Stress testing
Stress testing (sometimes called torture testing) is a form of deliberately intense or thorough testing used to determine the stability of a given system, critical infrastructure or entity. It involves testing beyond normal operational capacity, often to a breaking point, in order to observe the results. Reasons can include:
- to determine breaking points or safe usage limits
- to confirm mathematical model is accurate enough in predicting breaking points or safe usage limits
- to confirm intended specifications are being met
- to determine modes of failure (how exactly a system fails)

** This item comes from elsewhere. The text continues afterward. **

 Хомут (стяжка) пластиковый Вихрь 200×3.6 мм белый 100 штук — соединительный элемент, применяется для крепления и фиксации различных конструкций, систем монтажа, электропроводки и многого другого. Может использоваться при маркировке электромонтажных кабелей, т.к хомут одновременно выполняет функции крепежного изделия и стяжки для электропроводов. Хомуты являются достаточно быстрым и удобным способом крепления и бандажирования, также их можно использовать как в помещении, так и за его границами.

- to test stable operation of a part or system outside standard usage
Reliability engineers often test items under expected stress or even under accelerated stress in order to determine the operating life of the item or to determine modes of failure.[1]
The term "stress" may have a more specific meaning in certain industries, such as material sciences, and therefore stress testing may sometimes have a technical meaning – one example is in fatigue testing for materials.
Computing
Hardware
Stress testing, in general, should put computer hardware under exaggerated levels of stress in order to ensure stability when used in a normal environment. These can include extremes of workload, type of task, memory use, thermal load (heat), clock speed, or voltages. Memory and CPU are two components that are commonly stress tested in this way.

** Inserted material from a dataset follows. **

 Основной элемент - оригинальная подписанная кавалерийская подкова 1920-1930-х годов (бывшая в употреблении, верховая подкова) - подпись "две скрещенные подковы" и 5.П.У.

There is considerable overlap between stress testing software and benchmarking software, since both seek to assess and measure maximum performance. Of the two, stress testing software aims to test stability by trying to force a system to fail; benchmarking aims to measure and assess the maximum performance possible at a given task or function.

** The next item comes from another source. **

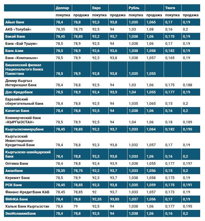 Курс доллара в коммерческих банках Кыргызстана на 3 сентября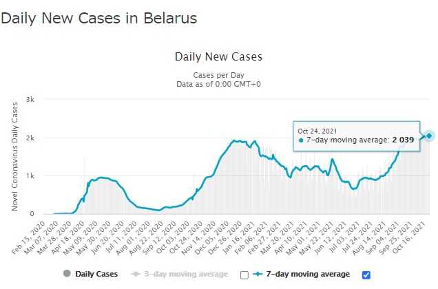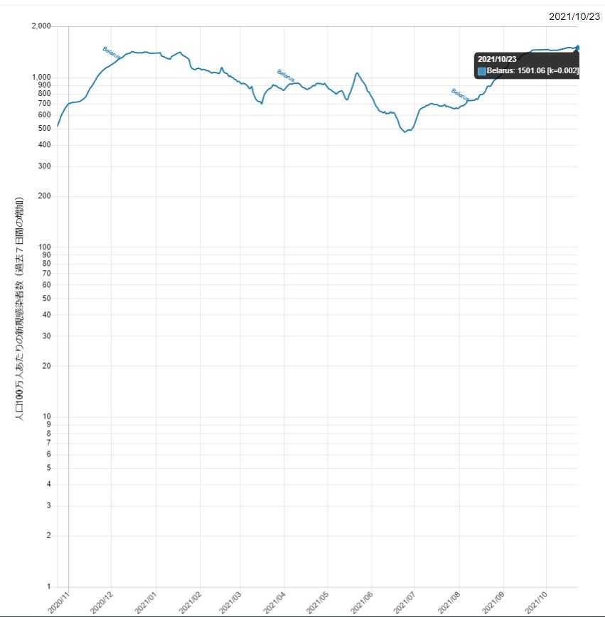 (2)ベラルーシの新規感染者の直近7日間平均/日

When modifying the operating parameters of a CPU, such as temperature, overclocking, underclocking, overvolting, and undervolting, it may be necessary to verify if the new parameters (usually CPU core voltage and frequency) are suitable for heavy CPU loads. This is done by running a CPU-intensive program for extended periods of time, to test whether the computer hangs or crashes. CPU stress testing is also referred to as torture testing. Software that is suitable for torture testing should typically run instructions that utilise the entire chip rather than only a few of its units. Stress testing a CPU over the course of 24 hours at 100% load is, in most cases, sufficient to determine that the CPU will function correctly in normal usage scenarios such as in a desktop computer, where CPU usage typically fluctuates at low levels (50% and under).
Hardware stress testing and stability are subjective and may vary according to how the system will be used. A stress test for a system running 24/7 or that will perform error sensitive tasks such as distributed computing or "folding" projects may differ from one that needs to be able to run a single game with reasonably reliability. For example, a comprehensive guide on overclocking Sandy Bridge found that:[2]
Even though in the past IntelBurnTest was just as good, it seems that something in the SB uArch [Sandy Bridge microarchitecture] is more heavily stressed with Prime95 ... IBT really does pull more power [make greater thermal demands]. But ... Prime95 failed first every time, and it failed when IBT would pass. So same as Sandy Bridge, Prime95 is a better stability tester for Sandy Bridge-E than IBT/LinX.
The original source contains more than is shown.